(Records drawn from a dataset)
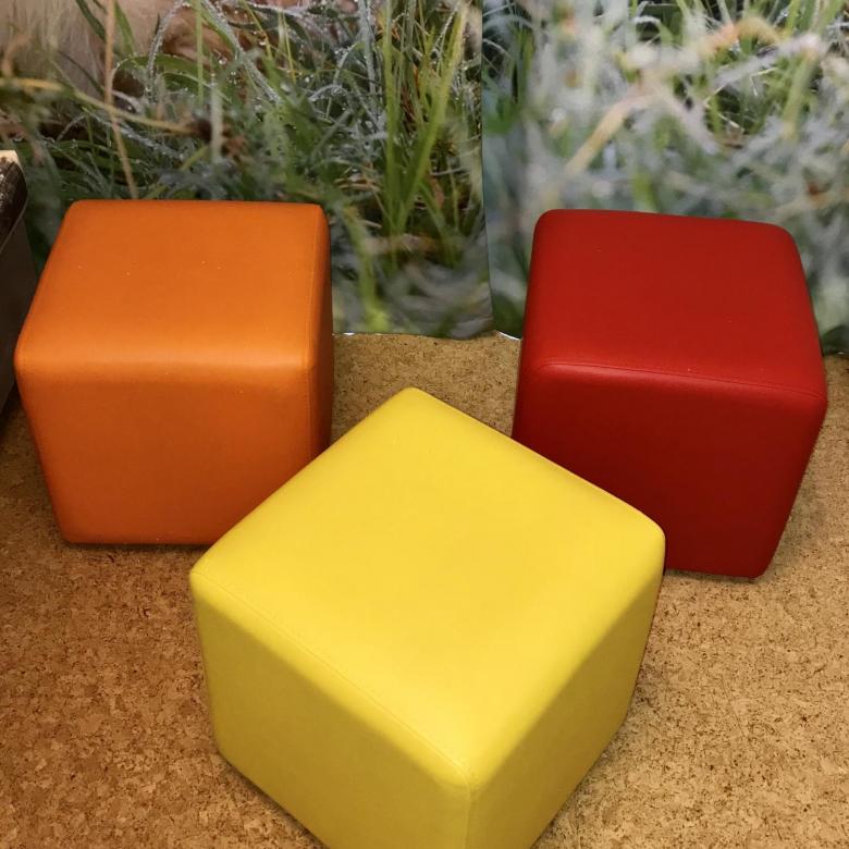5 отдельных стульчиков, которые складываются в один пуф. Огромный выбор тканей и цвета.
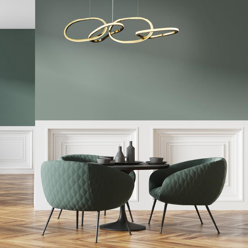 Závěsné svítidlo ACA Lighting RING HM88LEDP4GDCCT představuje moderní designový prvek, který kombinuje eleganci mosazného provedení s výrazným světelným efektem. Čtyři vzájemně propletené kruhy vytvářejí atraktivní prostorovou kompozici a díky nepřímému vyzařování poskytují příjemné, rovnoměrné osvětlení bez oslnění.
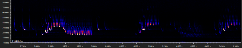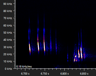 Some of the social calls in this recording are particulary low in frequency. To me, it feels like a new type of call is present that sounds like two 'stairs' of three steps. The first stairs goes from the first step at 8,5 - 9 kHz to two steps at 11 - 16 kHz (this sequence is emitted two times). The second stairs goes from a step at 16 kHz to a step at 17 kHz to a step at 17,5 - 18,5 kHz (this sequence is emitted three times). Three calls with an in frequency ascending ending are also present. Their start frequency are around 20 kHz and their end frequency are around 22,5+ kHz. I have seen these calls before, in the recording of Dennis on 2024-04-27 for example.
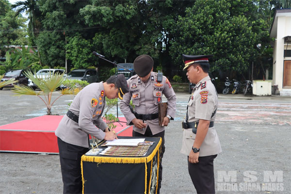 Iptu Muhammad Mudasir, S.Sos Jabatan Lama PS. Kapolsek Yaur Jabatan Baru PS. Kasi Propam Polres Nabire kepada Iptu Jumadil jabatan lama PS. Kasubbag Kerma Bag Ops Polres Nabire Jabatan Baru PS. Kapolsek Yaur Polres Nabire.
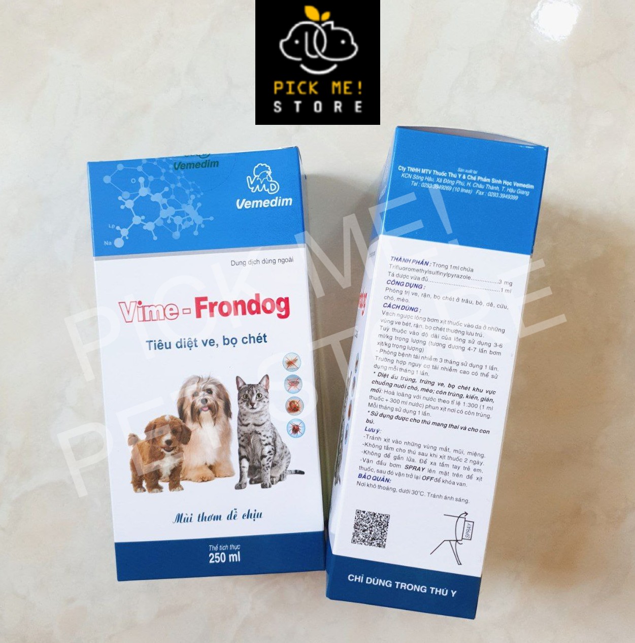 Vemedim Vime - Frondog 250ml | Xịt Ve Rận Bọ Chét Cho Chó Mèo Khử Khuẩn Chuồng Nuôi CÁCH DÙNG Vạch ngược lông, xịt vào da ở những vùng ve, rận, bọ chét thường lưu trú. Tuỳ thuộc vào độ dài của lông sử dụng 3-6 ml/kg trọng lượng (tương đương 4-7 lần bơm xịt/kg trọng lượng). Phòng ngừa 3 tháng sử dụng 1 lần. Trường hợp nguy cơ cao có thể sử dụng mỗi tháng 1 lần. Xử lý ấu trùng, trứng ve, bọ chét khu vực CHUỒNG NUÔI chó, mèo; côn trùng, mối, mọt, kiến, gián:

▶ Task directions:
Omit the pictures and write out the lines above from the one with "Iptu Muhammad Mudasir, S.Sos" through the last, unchanged.

▶ Reply:
 Iptu Muhammad Mudasir, S.Sos Jabatan Lama PS. Kapolsek Yaur Jabatan Baru PS. Kasi Propam Polres Nabire kepada Iptu Jumadil jabatan lama PS. Kasubbag Kerma Bag Ops Polres Nabire Jabatan Baru PS. Kapolsek Yaur Polres Nabire.
 Vemedim Vime - Frondog 250ml | Xịt Ve Rận Bọ Chét Cho Chó Mèo Khử Khuẩn Chuồng Nuôi CÁCH DÙNG Vạch ngược lông, xịt vào da ở những vùng ve, rận, bọ chét thường lưu trú. Tuỳ thuộc vào độ dài của lông sử dụng 3-6 ml/kg trọng lượng (tương đương 4-7 lần bơm xịt/kg trọng lượng). Phòng ngừa 3 tháng sử dụng 1 lần. Trường hợp nguy cơ cao có thể sử dụng mỗi tháng 1 lần. Xử lý ấu trùng, trứng ve, bọ chét khu vực CHUỒNG NUÔI chó, mèo; côn trùng, mối, mọt, kiến, gián:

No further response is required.